Olmsted and Vaux’s plan for Central Park catapulted them to fame and by 1868 their services (Olmsted, Vaux & Co.) were in great demand; the Riverside Improvement Company met with Olmsted in the summer of that year.

To plan a community, rather, to plan an entire village containing all the amenities found in a modern, urban setting was something new, but not entirely original. There were two examples Olmsted would use as a template for his design: Birkenhead Park (Liverpool, England) and Llewellyn Park (New Jersey, USA). Olmsted had visited Birkenhead Park shortly after its completion in 1847 and incorporated in his designs an emphasis on natural, rather than artificial, elements; water and vegetation required no artificial enhancements. Llewellyn Park was an inspiration in that it designed to be a community from its inception (however, while Llewellyn Park is also considered as the first planned community in the United States, it is part of an existing township and has no municipal government). Olmsted not only borrowed, but improved upon, these plans.

The roads of Riverside would be curved and sunken, so that when human eyes looked upon the terrain there was nothing to break the sightlines. Sinking the roads also served to assist drainage, as the sewer lines would run underneath the surface. Parks and recreational areas were incorporated directly into the preliminary plan since Olmsted understood that to build parks in the future would require buying back land it had already sold to property owners/developers – as the village grew and more homes were built, the property value would be too great for the village to purchase again in case the need arose (the need for parks being interminable). Of the 1,600 acres constituting the village of Riverside, over 700 acres were devoted to recreation alone. Trees would be planted (almost 40,000 of them) along the edges of the streets, separating the traffic from the houses. Indeed, Riverside would be a “village in a park”.

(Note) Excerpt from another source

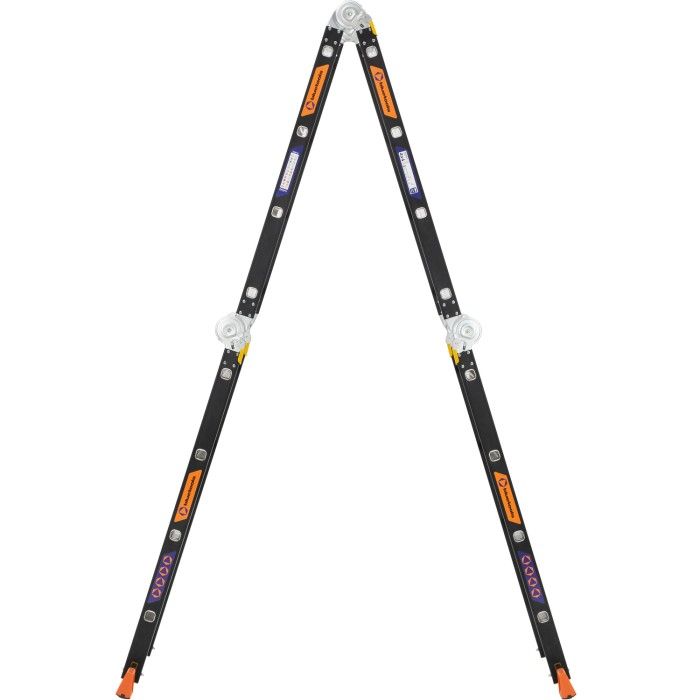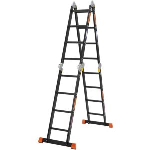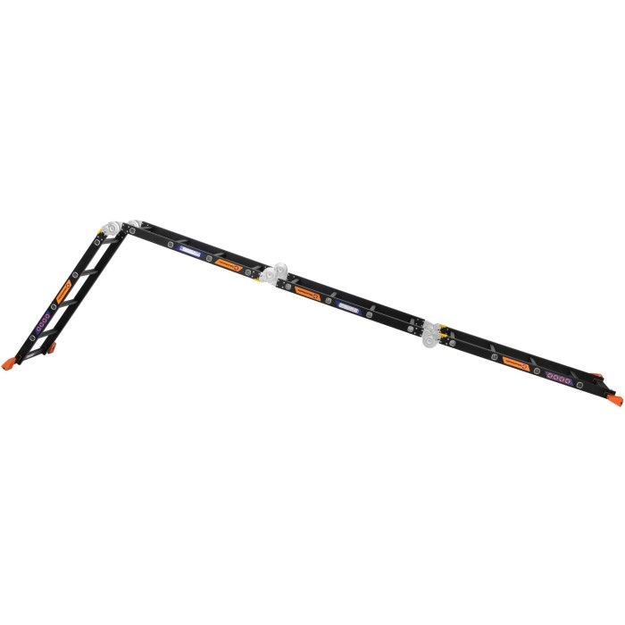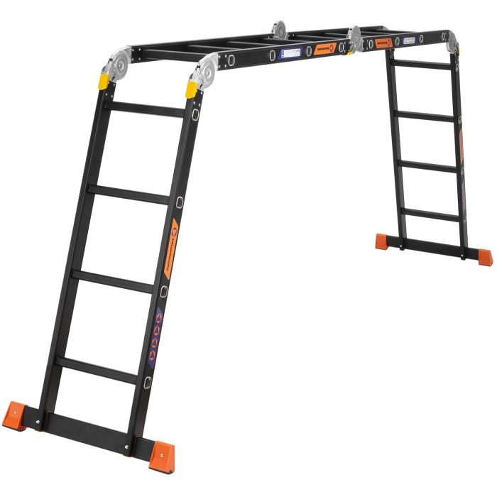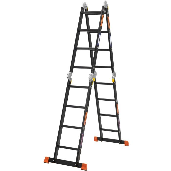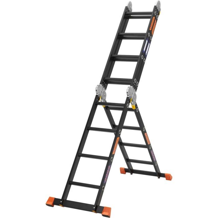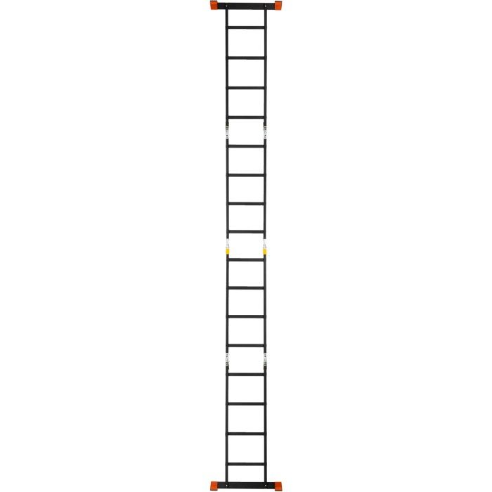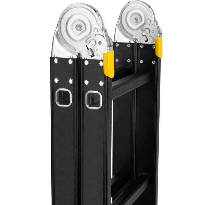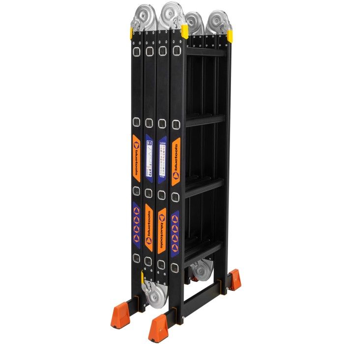 Багатофункціональна алюмінієва драбина-трансформер на 4 секції (16 сходинок), яку можна організувати як стрем’янку, приставну драбину або робочий поміст. Профіль з високоміцного алюмінію з товщиною стінки 1,51,2 мм та шириною 62 мм поєднує легкість і надійність. Нова чорна серія BLUETOOLS поєднує сучасний стиль із практичністю.

In Olmsted’s preliminary report, he writes: “If the general plan of such a suburb is properly designed on the principles which have been suggested, its character will…be not only informal but…positively picturesque, and when contrasted with the constantly repeated right angles, straight lines, and flat surfaces which characterize our large modern towns, thoroughly refreshing”.

Picturesque and refreshing: these characteristics have changed little over the last century. The roads are now paved, but are still lit by gas lamps. The number of houses has grown, yet the feel of being in a park is ever palpable; in a modern suburb surrounded by a population of over 5 million people, preserving peace and tranquility is a near impossibility. This is a remarkable feat and credit goes to Olmsted’s obsession with accentuating the natural over the artificial.

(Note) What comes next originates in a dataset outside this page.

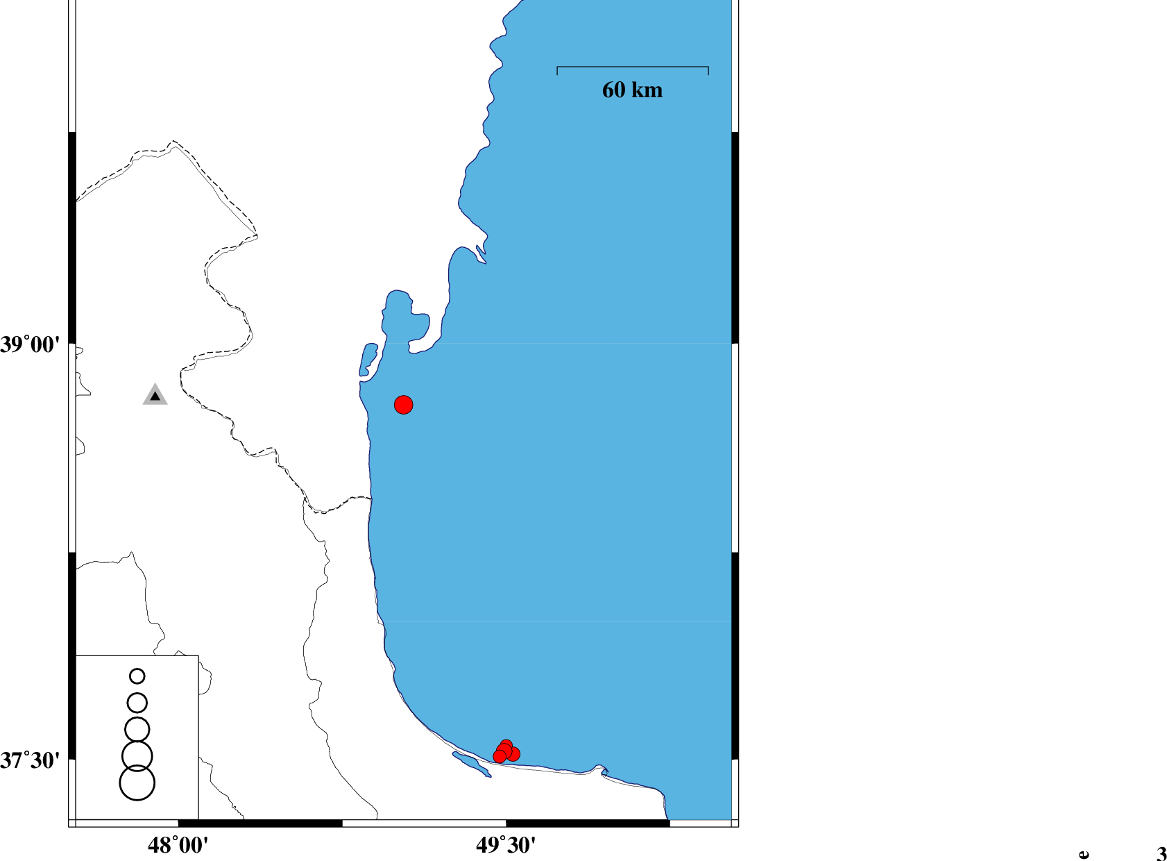 | 2012/08/02 | 11:06:03.5 | 15:36:03.5 | 37.52 | 49.53 | 14 | ML:3 | Caspian Sea, 8 km Bandar-e anzali |

Olmsted’s vision, over a century later, continues to reward those of us fortunate to live in such a well-planned community.

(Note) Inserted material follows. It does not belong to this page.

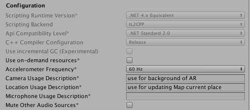 - Inspector ウィンドウで、Other Settings の Configuration の中の

- Bassman, Herbert J. Riverside Then and Now. Riverside, 1936.
- Heidrich, Robert W. Riverside, a Village in a Park. Frederick Law Olmsted Society of Riverside, 1970.
- Olmsted, Frederick Law. Letter “to the President of the Commissioners of the [sic] Central Park.”  12 August, 1857.
- Olmsted, Vaux & Co. Preliminary Report upon the Proposed Suburban Village at Riverside, Near Chicago. New York: Sutton, Brown & Co. 1868. 25.
- Riverside in 1871 with a Description of its Improvements… Chicago: The Riverside Improvement Company, 1871.
- Rybczynski, Witold. A Clearing in the Distance. New York: Scribner. 1999.
- State & County QuickFacts. U.S. Census Bureau. 27 June, 2013.